The objective of this Early-Concept Grant for Exploratory Research (EAGER) project is to develop a novel concept for patterning single protein with ultrahigh resolution (below 10 nm). The approach is based on self-assembly and self-recognition and originates in the intracellular environment that is too crowded to allow diffusion to be an efficient mechanism for the movement of materials within the cytoplasm. Specifically, in situ polymerized microtubule (cytoskeletal filaments) affixed vertically to the tip of an atomic force microscope serves as track for purified kinesin molecular motors; under the chemical energy derived from adenosine triphosphate hydrolysis kinesin is deposited from the microtubule tip onto a glass surface situated in close proximity leading to nanoarrays of single protein.
This EAGER-developed technology benefits society in areas as: drug delivery, screening, nanoelectronics, and nanosensors. Beyond recognizing the value of this technology through the proof of principle that biological molecules can be used for printing nanoarrays with ultrahigh resolution, this research also provides solutions to patterning individual nanomaterial (both organic and inorganic). The inherent interdisciplinary nature offers tremendous opportunities for enticing and integrating students with educational experience across diverse disciplines (two graduates will be employed by this program). The advances in the field of biomimetic-based nanomanufacturing will be incorporated in two courses Cellular machines at WVU and Processing of Biomaterials at RPI. Lastly, the PI will use Society for Biological Engineers at WVU to popularize bionanotechnology by generating inexpensive posters highlighting the advances and thus contributing to public education in nanotechnology and outreach to underrepresented populations, (i.e., women, rural communities).

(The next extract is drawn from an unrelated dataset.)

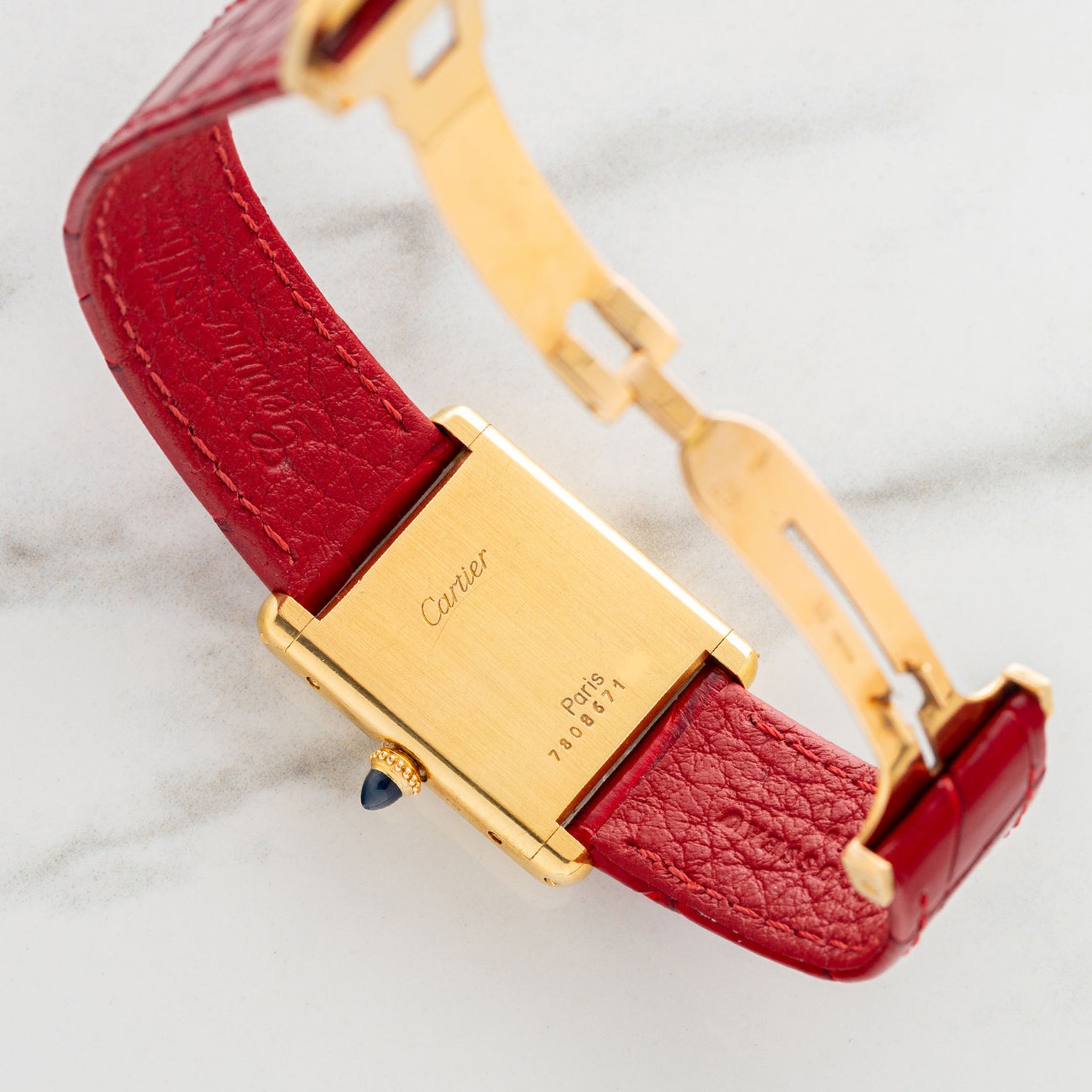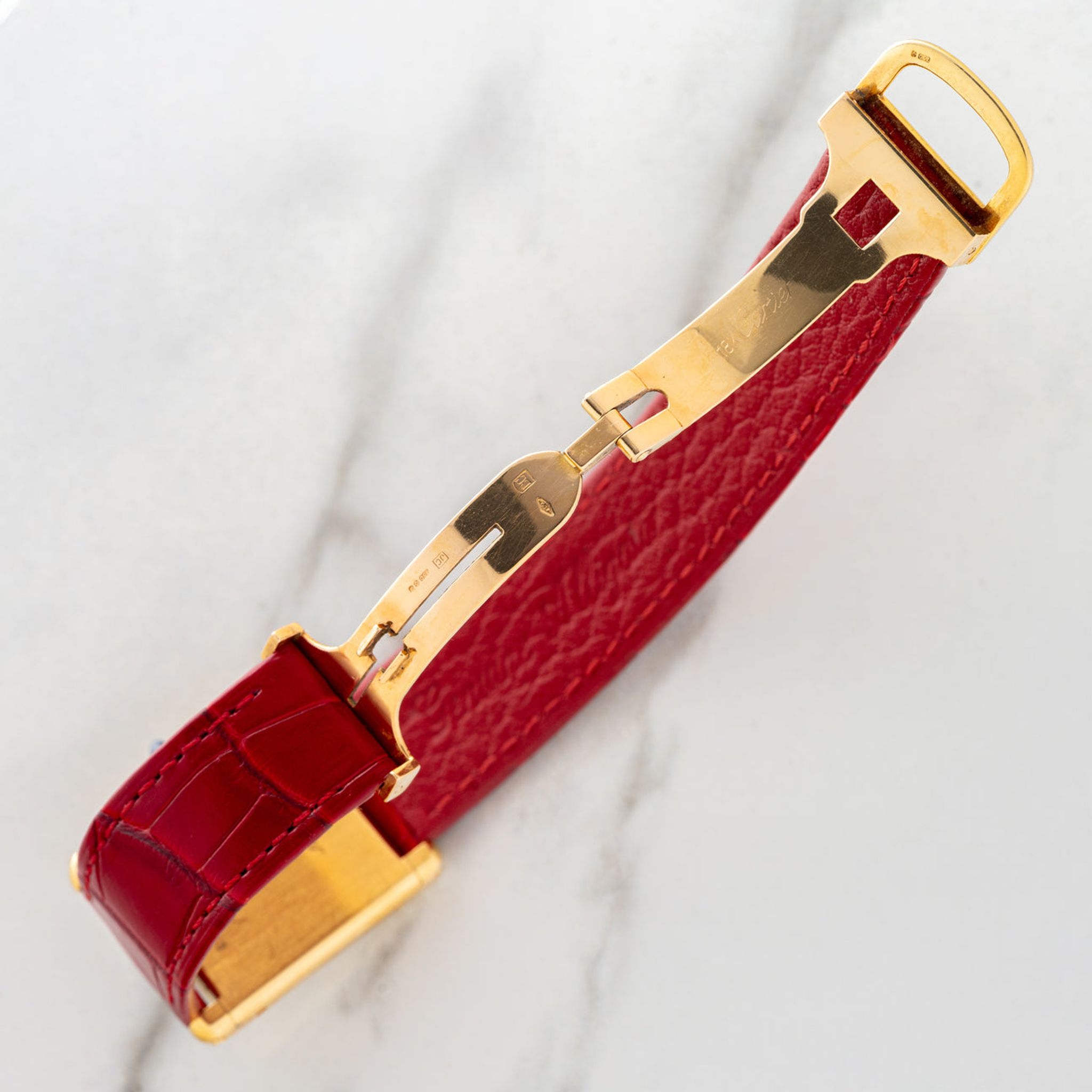 Bracelet: 18k Cartier deployant buckle. Two piece gator strap in red from Jean Rousseau. Will fit an approximate 6.75 inch wrist.

The duration of the EAGER CMMI- 1049150 was one year, i.e. September 01, 2010- August 31, 2010. This project was in collaboration with Rensselaer Polytechnic Institute, PI: Prof. Douglas B. Chrisey (EAGER CMMI-1049147). The objective of this EAGER project was to develop a novel concept for patterning single protein with ultrahigh resolution (below 10 nm). The approach was based on self-assembly and self-recognition present in the intracellular environment where efficient mechanisms are used for the movement of materials within the cytoplasm by the cytoskeletal filaments and molecular motors under the chemical fuel energy, i.e. adenosine triphosphate hydrolysis. This EAGER-developed technology could benefit society in areas as diverse as: drug delivery, screening, nanoelectronics, and nanosensors. Beyond recognizing the value of this technology through the proof of principle that biological molecules can be used for printing nanoarrays with ultrahigh resolution, this research also provides solutions to patterning individual nanomaterial (both organic and inorganic). The inherent interdisciplinary nature offered opportunities for enticing and integrating students with educational experience across diverse disciplines (i.e. chemical engineering, biology and biomedical engineering). The advances in the field of biomimetic-based nanomanufacturing of single protein patterns were incorporated in the course developed by the PI at West Virginia University, i.e. Cellular machinery. Lastly, the PI contributed to public education in nanotechnology and outreach to underrepresented populations (i.e. posters were selected to be part of the CMMI Engineering Art Competition; moreover, posters were included in the "Imaging the invisible", a WVNano’s exhibit in the downtown Morgantown Arts Walk, at the Morgantown History Museum, Morgantown, WV).